Last week I was creating another nomograph. It was nothing new, I’ve made hundreds of them. I’ve written papers on their use for sizing pumps to job situations, and I thought I knew everything about them. This time, for whatever reason, a truth jumped off the page at me that I’d never considered before: the relationship between how fast you operate the pump, and the cost of running the pump. On the nomograph, increased velocity shows up as increased pressure. To the fleet owner, however, increased velocity shows up as increased maintenance costs, increased fuel consumption, and decreased pump life.

In the late 1970’s I was a pump operator. During that time, I learned there were two ways to handle delivery and pumping speed. On a hot day, when concrete was being delivered sporadically, I pumped slowly, keeping the delivery rate of the pump matched with the delivery rate of the concrete. It was an easy call; I didn’t want a boom-party. On cooler days, you have more of a grace period with the concrete, and you can adopt a different style of operating. I’d pump the trucks out as quickly as I could, then wait for concrete. During that time, I could eat my lunch, visit the port-a-potty, grease the machine, etc. What I didn’t know was that the “full-blast-and-then-wait” style of operating was increasing the wear on the pipeline, hoses, and pump wear-parts by up to 300%. When the ready mix truck was ready to dump, I pushed the throttle to maximum and turned the pump on. I might as well have been pushing a button that said “Spend Big Money.”

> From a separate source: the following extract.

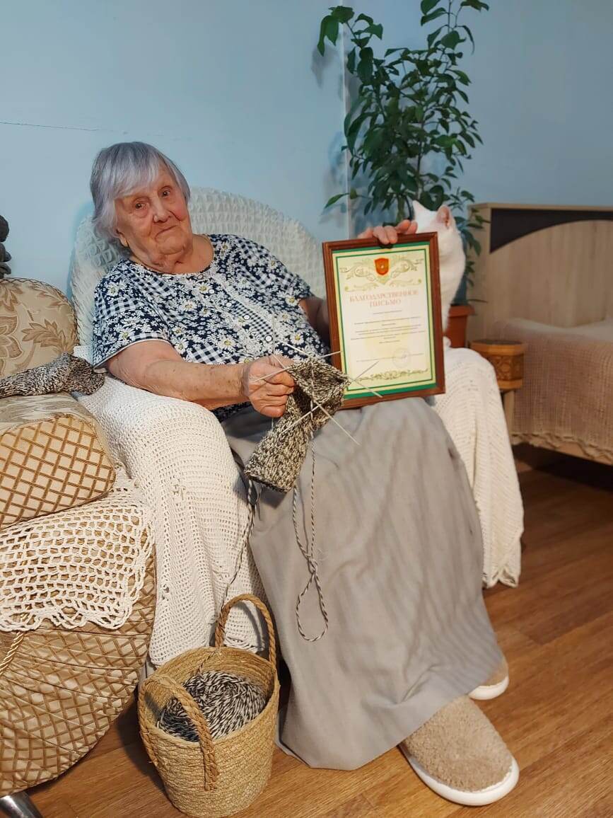 Таисия Михайловна Жидик живет в Кировском округе, два последних года она занимается практически "фабричным" производством вязаных носков. Более 150 наших военнослужащих благодаря Таисии Михайловне ощущают тепло родного дома. Когда началась Великая Отечественная война, омичке ещё даже не было 10 лет, но уже тогда поняла: общую беду можно преодолеть только сплотившись. Фото: Мэр Омска Сергей Шелест.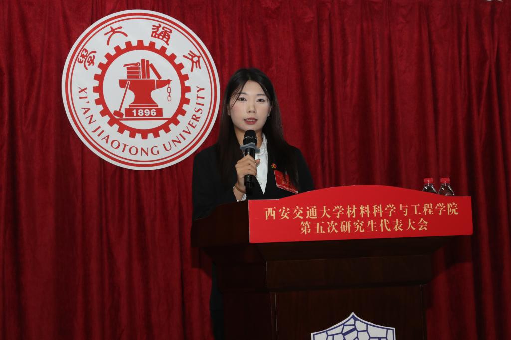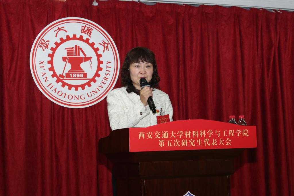 党委书记高宏在致辞中表示,本次研究生代表大会是学院凝心聚力开创研究生工作新局面的一次青年盛会,对学院进入高质量特色发展的新征程具有重要意义。过去的一年,学院在人才培养、学术科研、平台建设和文化建设等方面取得了可喜的成绩,每一项成果的背后离不开全院研究生的默默付出。同时她对同学们提出了三点希望:一是希望同学们争做西迁精神的新传人,抓住新时代新机遇,到祖国最需要的地方建功立业,在新征程上创造属于我们这代人的历史功绩;二是希望同学们胸怀国之大者,勇担历史使命,将坚持科技自立自强、实现中华民族伟大复兴作为自己的历史责任;三是希望各位研究生代表及研究生会成员发挥桥梁纽带作用,谨记自己作为一名“服务者”的身份,使研究生会等学生工作体现 牵手

Increased velocity also causes an increase in pressure. To visualize the effect, remember that concrete in a pipeline acts very much like sandpaper under pressure. Take a piece of sandpaper and rub it gently on a piece of wood. Some material is removed, but it would take a long time to wear down the wood. Increase the speed that you’re rubbing the wood, and it will take less time to wear down the wood. Now rub quickly and push REALLY HARD as you rub. It becomes easier to picture your pipeline evaporating, doesn’t it?

Figure 1 shows a nomograph of an example pumping job, with three different pumping rates. The example assumes the following criteria:

• The pump has a 200 Kw hydraulic pump setting, and a maximum 180 cubic yards/hour pumping rate. • The pump is equipped with 125 mm (5 inch) pipe, with a 200 feet proportional-value length (a 32 meter unit). • 4 inch slump concrete, 0 feet level difference between the pump and point of discharge. • Concrete is being delivered to the job at 60 cubic yards/hour.

The dark blue line represents a pump running at a flow rate that exactly matches the concrete being delivered to the job. This is a bit of dreamland, I know. Concrete NEVER arrives at exactly spaced intervals, just as it’s needed. Still, the closer you could come to running at this speed, the less your maintenance costs. You can see that pressure needed to place the concrete at this speed is only about 171 PSI. See Figure 1.

The red line represents what happens if the pump is run at twice the speed of the arriving concrete, which provides for breaks between loads. As you can see, it now requires about 341 PSI to move the concrete through the pipeline.

The green line represents what happens if the operator simply puts everything to maximum speed and turns on the pump. Velocity through the pipe is three times what it needs to be, and it takes about 514 PSI to move the concrete through the pipe. Wear is vastly accelerated on the pipe components, rams, concrete valve, and the hydraulic system. Additionally, fuel consumption is at maximum. The job is not finished any sooner… concrete is STILL arriving to the job at 60 cubic yards per hour. Only your maintenance and operating costs have increased.

In reality, even the most cost-conscious operator couldn’t realize the flow rate represented by the blue line. There WILL be gaps in concrete delivery, and the operator WILL need bathroom breaks, lunch breaks, and time to grease the components. Still, somewhere in between the blue line and the red line is what’s possible for a normal jobsite— and your most economical operation.

How can you begin to realize these cost savings? Perhaps a bonus plan tied to maintenance costs. Knowledge is the first step. When I was a pump operator, I was unaware of these facts, and would have saved my employer quite a bit of money, had I known.